Research Article: 53BP1 contributes to a robust genomic stability in human fibroblasts

Date Published: September 8, 2011

Publisher: Impact Journals LLC

Author(s): Lauren S. Fink, Michaela Roell, Emanuela Caiazza, Chad Lerner, Thomas Stamato, Silvana Hrelia, Antonello Lorenzini, Christian Sell.



Faithful repair of damaged DNA is a crucial process in maintaining cell viability and function. A multitude of factors and pathways guides this process and includes repair proteins and cell cycle checkpoint factors. Differences in the maintenance of genomic processes are one feature that may contribute to species-specific differences in lifespan. We predicted that 53BP1, a key transducer of the DNA damage response and cell cycle checkpoint control, is highly involved in maintaining genomic stability and may function differently in cells from different species. We demonstrate a difference in the levels and recruitment of 53BP1 in mouse and human cells following DNA damage. In addition, we show that unresolved DNA damage persists more in mouse cells than in human cells, as evidenced by increased numbers of micronuclei. The difference in micronuclei seems to be related to the levels of 53BP1 present in cells. Finally, we present evidence that unresolved DNA damage correlates with species lifespan. Taken together, these studies suggest a link between recruitment of 53BP1, resolution of DNA damage, and increased species lifespan.

Partial Text

Human cells exhibit a greatly enhanced stringency for growth control and greater genomic stability when compared to rodent cells [1]. This higher stringency is thought to underlie the relative resistance of humans to malignancies. For example, it has been estimated that the difference in the spontaneous immortalization rate between rodents and human cells is 10−5 to 10−6 compared to 10−9 to 10−10[2]. This difference is reflected experimentally in studies which introduced active oncogenes to drive malignant transformation in primary cells. Rodent cells required a single oncogenic mutation coupled with abrogation of the major cell cycle checkpoint regulator p53, while human cells required the addition of multiple oncogenic mutations targeting several intracellular pathways critical to cell cycle progression and survival, which include p53, pRb, and the Ras/MAPK pathway as well as cellular phosphatases [3]. Substantial differences have been found at the cellular level that may contribute to the species-specific differences in genomic stability between rodent and human cells. For example, telomere biology differs significantly between rodent and human cells [4], and the spindle checkpoint has been found to be much less stable in rodent cells [5,6]. In addition, there is variation in essential DNA repair proteins such the Ku70/80 heterodimer and DNA end binding, although absolute DNA repair rates appear to be similar in rodents and humans as assessed by standard assays [7].

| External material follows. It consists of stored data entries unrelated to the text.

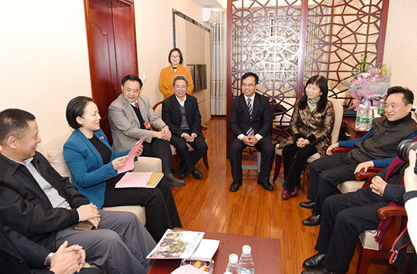 本网讯 1月8日晚,中共永州市委书记李晖一行来校,与亲临我校调研指导的湖南省人大常委会原党组副书记、副主任陈叔红,湖南省君子文化研究会会长李利君,湖南省社科院原院长朱有志,湖南省文化厅巡视员孟庆善,湖南省委组织部原副巡视员魏忠胜一行及我校党委书记陈弘、校长曾宝成进行了会晤。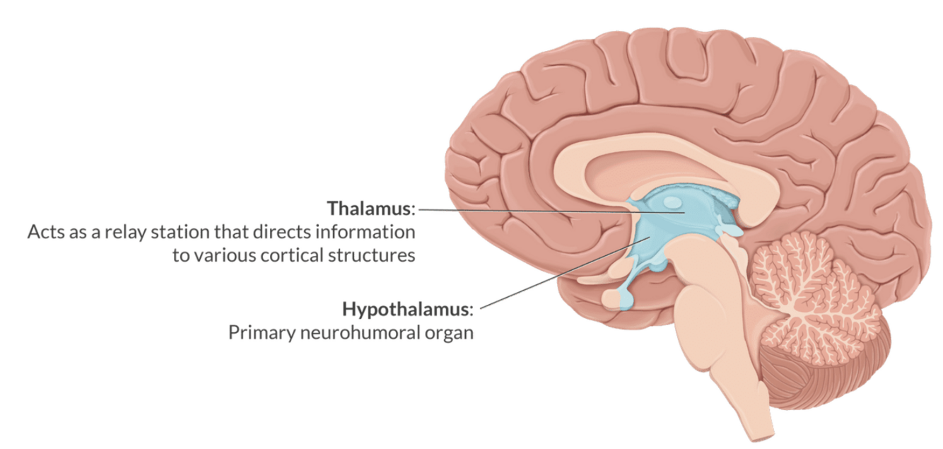 What structures are located in the diencephalon?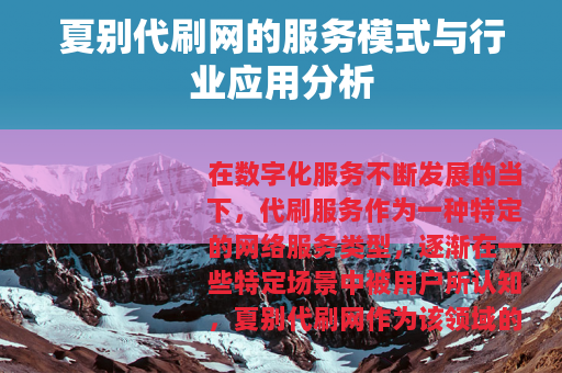 总体而言,夏别代刷网代表了代刷服务领域的一种常见形态,通过了解其服务模式、技术基础及市场定位,用户可以更全面地认识该类服务的功能与局限,在数字化运营中,各类工具与服务都有其适用场景,关键在于根据实际需求做出合适选择,并保持对行业动态的关注,随着网络环境的演进,代刷服务也可能逐步适应新的市场要求,发展出更成熟的服务形态。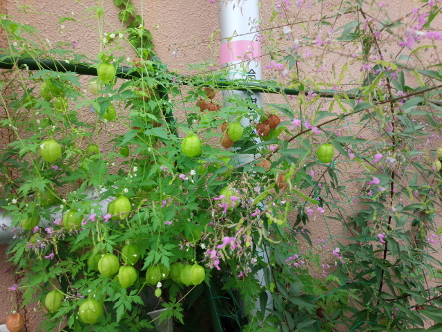 まだまだ青い風船がたくさんぶら下がっているのに、小さくしぼんだ茶色の風船もたくさん増えてきていました。ただこの種を採るために引っ付き虫がТシャツにたくさんついて困ってしまいました。

The DNA damage response and cell cycle checkpoints are closely linked, and there is substantial overlap of signaling factors in both processes. In addition to the differences our laboratory has observed in Ku80 levels between mouse and human cells [7], we have now demonstrated differences in the accumulation of 53BP1 between these two cell types. Both under normal conditions and in response to treatment with a DNA damaging agent, we find that there is a more robust 53BP1 foci response in human fibroblasts, which display higher numbers of 53BP1 foci over time, compared to mouse fibroblasts. This observation suggests that 53BP1 recruitment may be linked to the differences in genome stability that characterize rodent and human cells. This interpretation is consistent with previous studies that suggest that γH2AX serves to facilitate the accumulation of 53BP1 at damage foci to ensure proper cell cycle arrest [12]. Consistent with this concept, it has previously been shown that 53BP1-deficient mouse fibroblasts cannot maintain G2/M arrest as efficiently after damage [14]. Interestingly, it has also been reported that 53BP1 foci may act to shield unresolved DNA lesions occurring as a result of replication stress and that 53BP1 foci may be maintained into subsequent cell cycles; these foci were associated with sites of frequent chromosome breaks such as fragile sites [5]. We noted that mouse cells contain more 53BP1 foci than human cells at baseline (labeled as control in Figure 3C), suggesting that mouse cells are more likely to harbor unresolved DNA lesions than human cells. However, following DNA damage, mouse cells mount a less robust response as evidenced by the reduced number of 53BP1 foci per cell, and presumably this reduced response leads to an increase in the number of cells that produce micronuclei relative to human cells. The link between micronuclei formation and 53BP1 levels is supported by the fact that a reduction in 53BP1 levels in human cells leads to a significant increase in micronuclei even in cells that have not been exposed to DNA damaging agents.